古仏心は牆壁瓦礫と言う。そうであれば、古仏心を磨くとも心得ることができよう。三界仏身と聞き、諸法を実相と言えば、三界を磨くとも心得、実相を磨くとも言うことができよう。


/「たれかこれを磨塼とみん」とは、仏の見方で解釈する「磨塼」の始めから終わりまでに暗いから、「たれかこれを磨塼とみざらん」とは、衆生の見方を指す「磨塼」と見るからである。但し、このように言えば、まったく本意ではない。仏法の話に衆生の見方を用いてはならないから、「見る」と言っても「見ない」と言っても、共に仏の見方を説くのである。


「たれかこれを磨塼とみざらん」ということは、始めから終わりまでの本意である。道理に叶うからである。

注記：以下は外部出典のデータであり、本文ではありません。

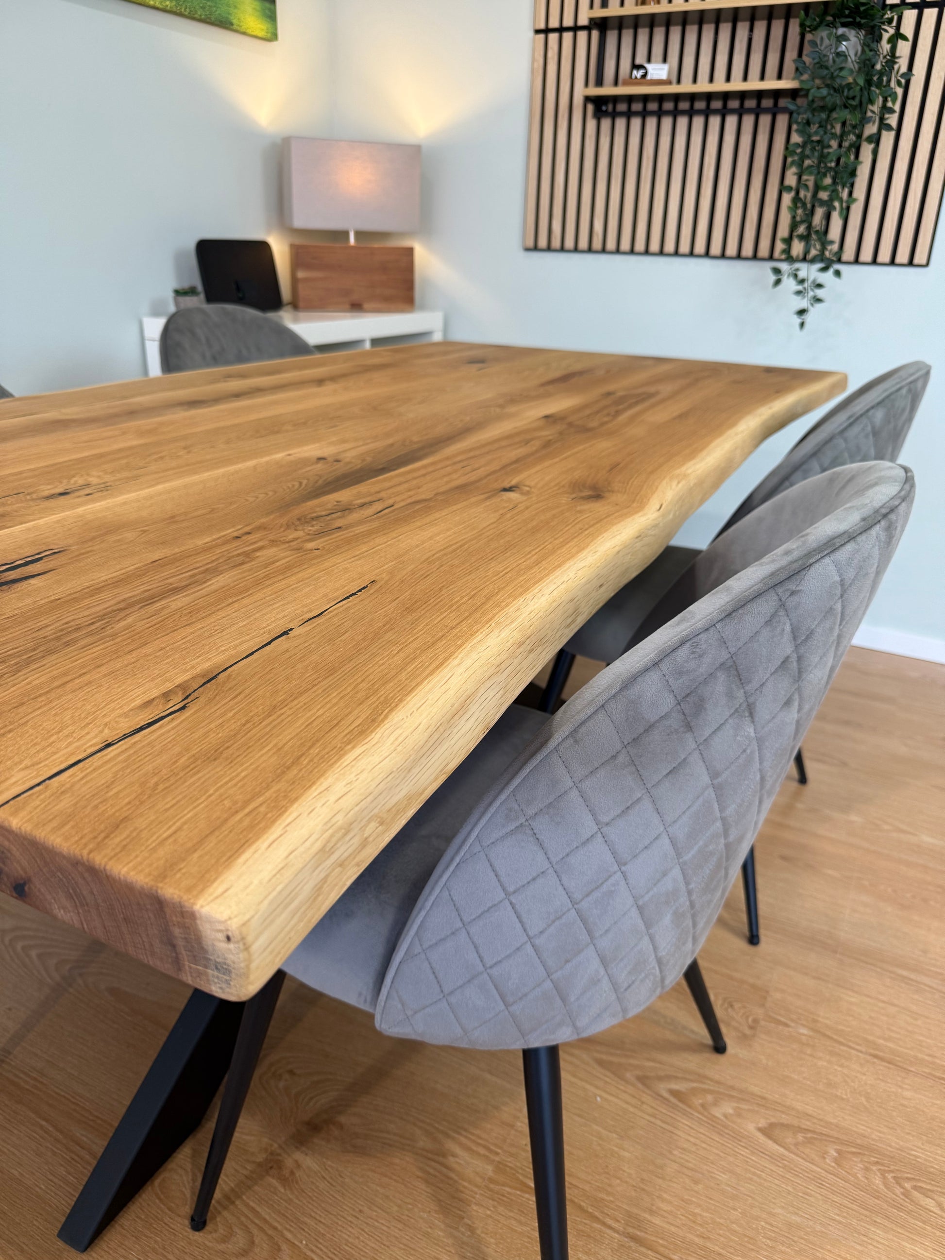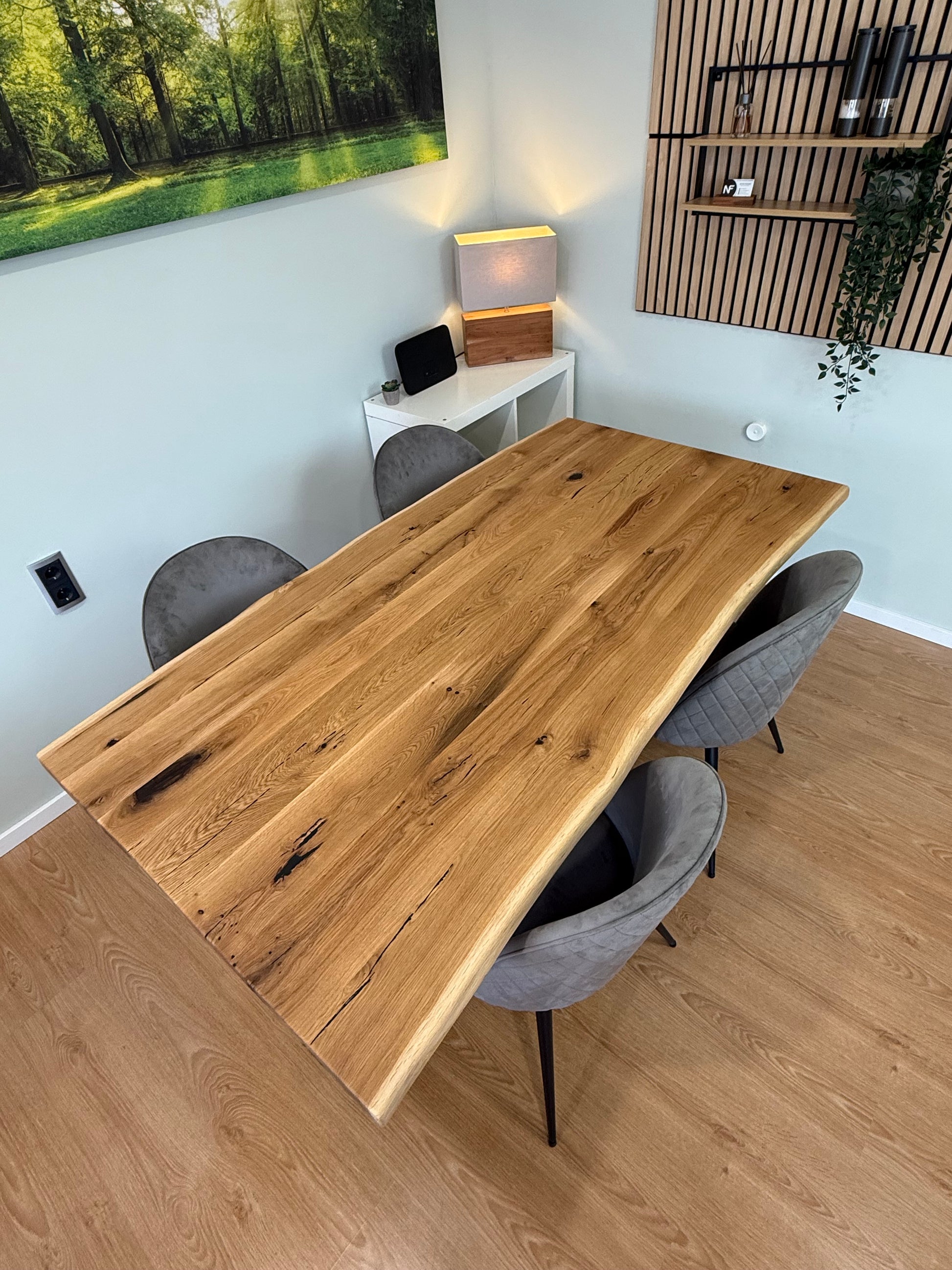 Dieser Tisch ist mehr als ein Möbelstück. Er ist ein Statement für Natürlichkeit, Qualität und ehrliches Handwerk. Die markante Maserung des Holzes, die gewachsene Baumkante und die natürliche Form machen ihn zum Mittelpunkt des Raumes.
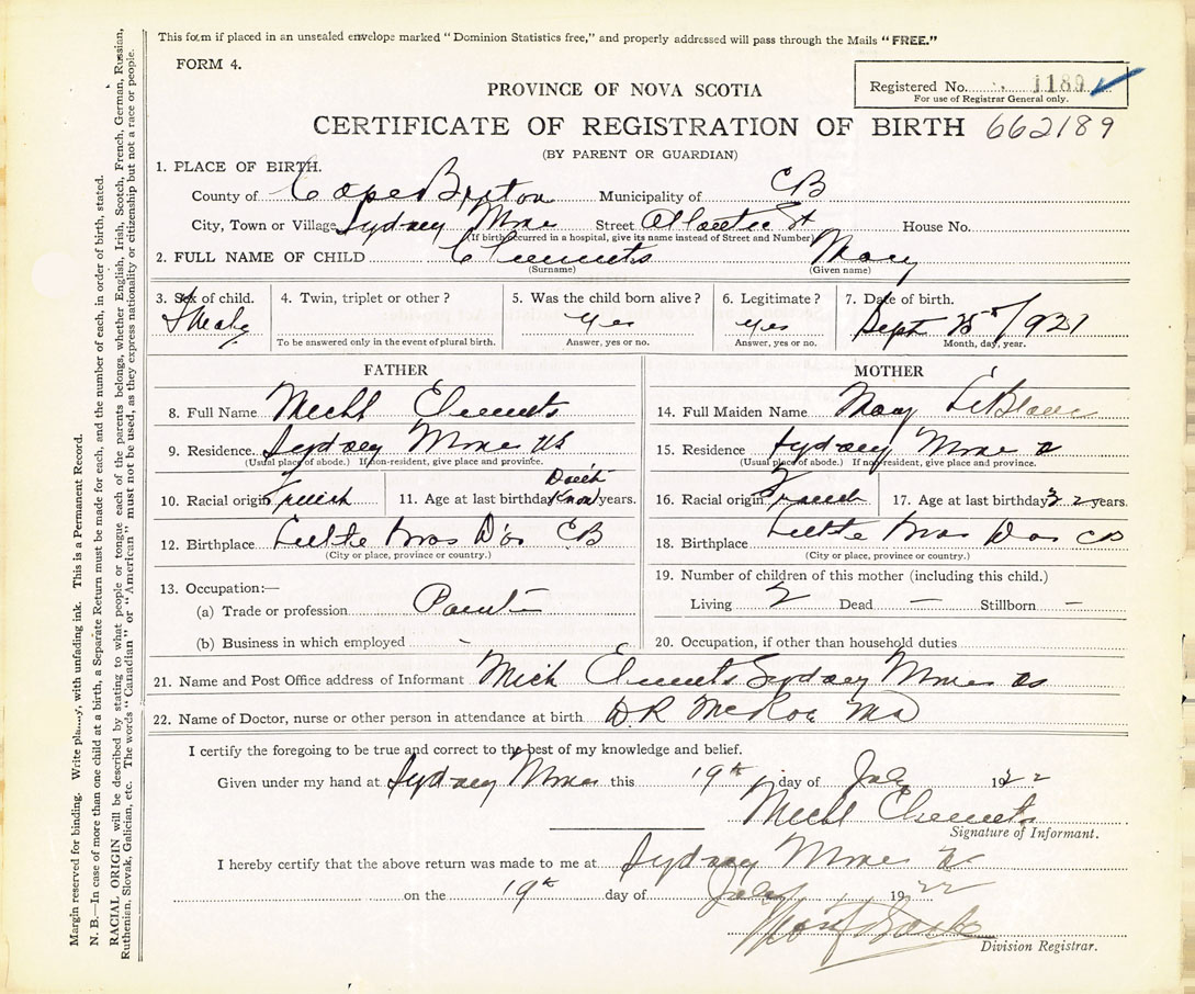 21. Name and Post Office address of Informant Mich Clements Sydney Mines, Cape Breton
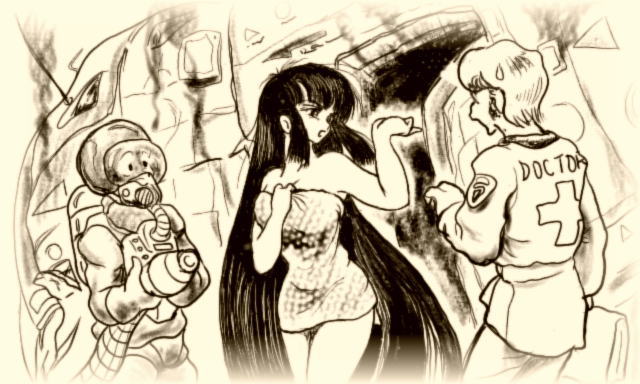 一方、救助隊長は他の隊員達とともに、自分の眼を何度もこすっていた。が、それは消えることなく目の前にいた。バスタオル一枚をまとっただけの長身の美女。くるぶしまである漆黒の髪はいましがたシャワーをあびたばかりのように濡れている。唾を飲み込む音があちこちから聞こえる。なにしろ彼女の唯一の着衣であるバスタオルは、豊かに盛り上がったバストから一度充分にくびれて再びバストと同サイズぐらいになるという体の線を、かろうじて覆っているだけなのだから。その辺のモデル顔負けのプロポーションだ。しかしそんな男達の視線をまったく気にする様子もなく、彼女は自分の体をひととおり点検し終え言った。
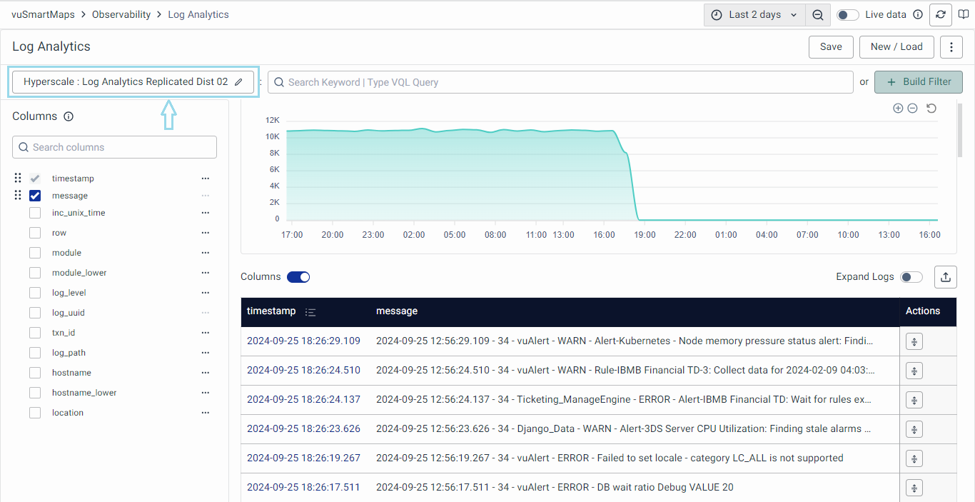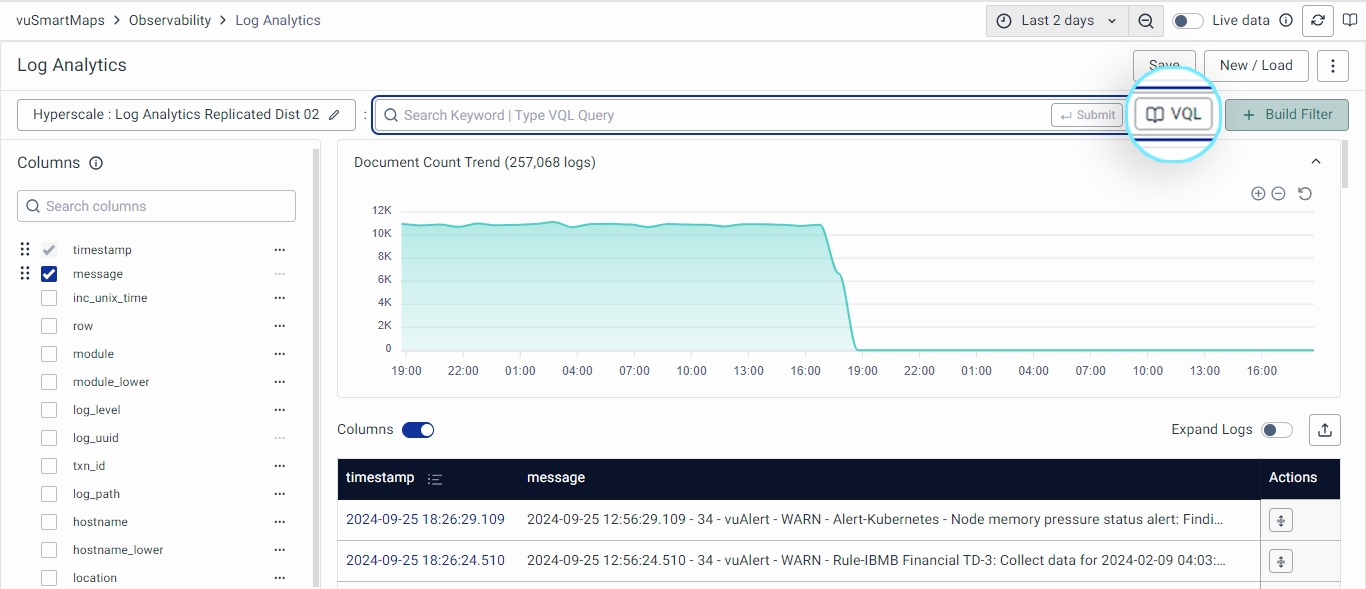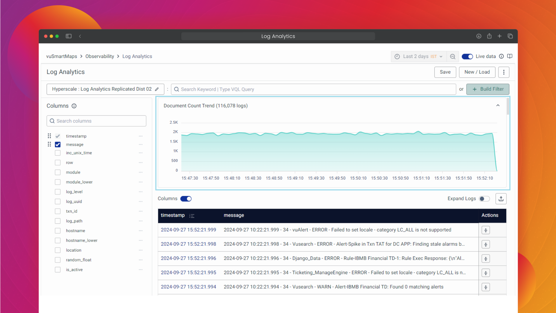 To streamline querying, Log Analytics features Vunet Query Language (VQL), enabling users to build complex queries quickly and conduct precise, effective searches. This combination of features allows for rapid root cause analysis (RCA) within seconds, driving faster issue resolution and minimizing downtime.
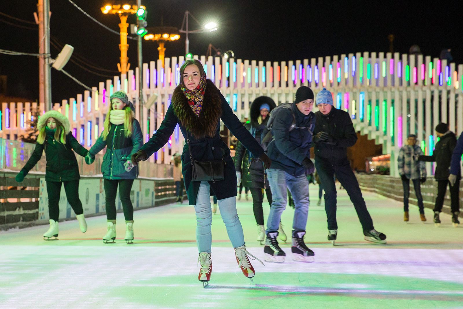 На катке на Болотной площади выступят выпускники творческого лагеря «Молодежь Москвы» и бенд «НЧБ». Посетителей также пригласят присоединиться к праздничному хороводу.

仏道にはまったく不見ということはなく、「たれかこれを磨塼と見ん」と言うのもまた道理である。「磨塼」とは思われないから、兀々地とも作仏とも坐禅とも見るべきであるからである。今は坐仏と見、作鏡と見るべきであるから、「たれかこれを磨塼とみん」と説かれるのである。


/「依経解義、三世仏怨、離経一字、如同魔説」(経に依って義を解するは三世仏の怨、経の一字を離れては魔説に同ずるが如し)という文を、間違って凡夫が理解する所を言うのであろうと、悪く解するのである。


これは一つの意味で、本意ではない。「仏の怨アダ」と言っても世間の「怨」と理解してはならず、「魔説」と言っても世間の「魔」ではない。


「怨」と言っても、「不悟至道す」(悟らずに道に至る)と説く不悟、また「諸法の仏法なる時節」(すべてのものが仏法である次節)の迷、或いは「将錯就錯」(錯りによって錯りに就く)ほどのあやまりと心得るべきである。若至・既至・不至などというほどである。


「魔」とは入仏入魔の「魔」、鬼窟裏などという鬼ほどに心得るべきである。「磨塼」が見・不見に定まれば、「作什麼」とは言わないのである。


/「たれかこれを磨塼とみざらん」という意味は、「磨塼」の外に誰もいないということである。「たれかこれを磨塼とみん」というのは、誰もいないから見ることができないという意味である。


この二つの意味があるから「作什麼」(何をしているのですか)と言われるのである。これによって、「作什麼なるは、かならず磨塼なり」と言うのである。



〔抄私訳〕

「南嶽ときに一塼イッセンをとりて石上にあててとぐ。大寂つひにとふにいはく、『師、作什麼ソシモ《師、什麼をか作す》』。まことに、たれかこれを磨塼マセンとみざらん、たれかこれを磨塼とみん。しかあれども、磨塼はかくのごとく『作什麼』と問モンせられきたるなり。『作什麼』なるは、かならず磨塼なり」とある。


この問答は、文の通りである。この「大寂」の「作什麼」の言葉は「兀々地思量什麼」(岩のように坐って何を思量しているのか)と言う「什麼」と同じ言葉である。


これも普通の考え方では、「塼カワラ」を磨くのを見て、何をしているのかと問うたように思われるが、ここでは「坐禅」と言う、「思量箇不思量底」(今このようにある、思量していない今の様子のままに居る)と言う、「作仏」と言うべきか、「塼」と言うべきか、「鏡」と言うべきか、どれとも言い難い道理を例のように問いとして、「まことに、たれかこれを磨塼と見ざらん」と言うのである。


しかし、この「大寂」の「作什麼」の道理を正しく知る人がいないから、「たれかこれを磨塼と見ん」と言う。「磨塼」の道理は、このように「作什麼」と言わなければならないのである。